Before seeing The Imitation Game there were not many who knew about Alan Turing’s story and that is a shame. We humans need to be reminded of the grave mistakes we have made if there is any hope that we are not going to repeat them. While we are awful to the planet we live on and animals we are most despicable to our own kind. Our need for superiority and power has led to things like war and persecution of other humans because we have labelled them different or deviant. This is a film in which you can watch and learn much about perseverance and how our fear of the other has led us to commit atrocities.
Alan Turing (Benedict Cumberbatch – Star Trek: Into Darkness, The Hobbit: The Desolation of Smaug) was one of the brightest scientists and mathematicians of the last century and yet society’s mistreatment of him because he was a homosexual led to him being forced into chemical castration and a subsequently suicide. A tragedy that could have easily been avoided and a brilliant mind that would have gone on to invent who knows what else that would have benefitted mankind. Not a leap as he was the man who invented a machine that was the forefather of the modern day computer.
During the early days of World War II England and much of the rest of Europe was being bombarded and invaded by the Nazis. MI6 (British Secret Service) and the British Navy was looking for a way to get an upper hand in the fight. It was decided that deciphering the claimed to be unbreakable Enigma (German code making machine) code would be the key. As a result Naval Commander Denniston (Charles Dance – Alien, Gosford Park) and MI6 agent Stewart Menzies (Mark Strong – Sherlock Holmes, Kick-Ass) put together some of the best and brightest code breakers in England to work in a radio factory in Bletchley Park.

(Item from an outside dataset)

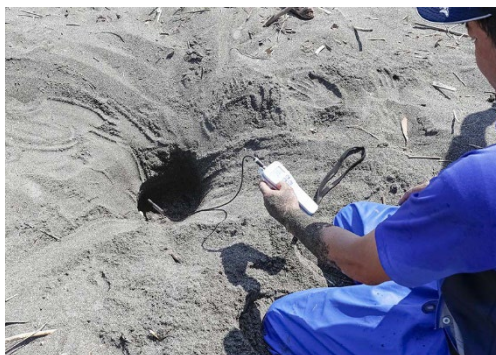
産卵場所の温度計測

Hugh Alexander (Matthew Goode – Watchmen, Match Point) is put in charge of a group made up of John Cairncross (Allen Leech – from television’s Downton Abbey), Peter Hilton (Matthew Beard – An Education, One Day), Jack Good (James Northcote – Belle, Nymphomaniac: Vol. 1), and Alan Turing. Alan never really works as part of the group as he goes about doing his own thing and building a code breaking machine. Despite his social awkwardness he is able to convince British Prime Minister Winston Churchill to make him the leader of the group.
Alan does things differently than Hugh did. First of all he sets about hiring a woman – Joan Clarke (Keira Knightley – Begin Again, Jack Ryan: Shadow Recruit). Though she, due to her parents’ thinking, is not able to move to London to work with a group of men, so Joan actually only works officially in the secretary pool. Joan, who ends up engaged to Alan despite the fact that he is gay, is able to not only help Alan work out the development of the machine, but give him some tips on how to get people to like him.
Part of the enjoyment of the film, a solid historical drama, is if you go into knowing next to nothing about Alan Turing. Despite the fact that he made one of the most important accomplishments of the 20th century because of the fact that he was persecuted by the British legal system due to the fact that he was a gay man resulted in a cover up by the British government until very recently.
Most of it is due to the fact that it is a film that only the British could do. It has a seriousness and yet biting wit to it that the Brits have perfected. This despite the fact that the director, Morten Tyldum (Headhunters), is Norwegian. The all British cast really rise up to the challenge of portraying these complex characters. Even Knightley, who is not one of my favourite actresses, turns in a solid performance. The true star is the marvellous Cumberbatch. He bears the heavy burden of making us care about this odd and sometimes unlikable complex man. Cumberbatch is a success and as such keeps us riveted to the story unfolding on the screen.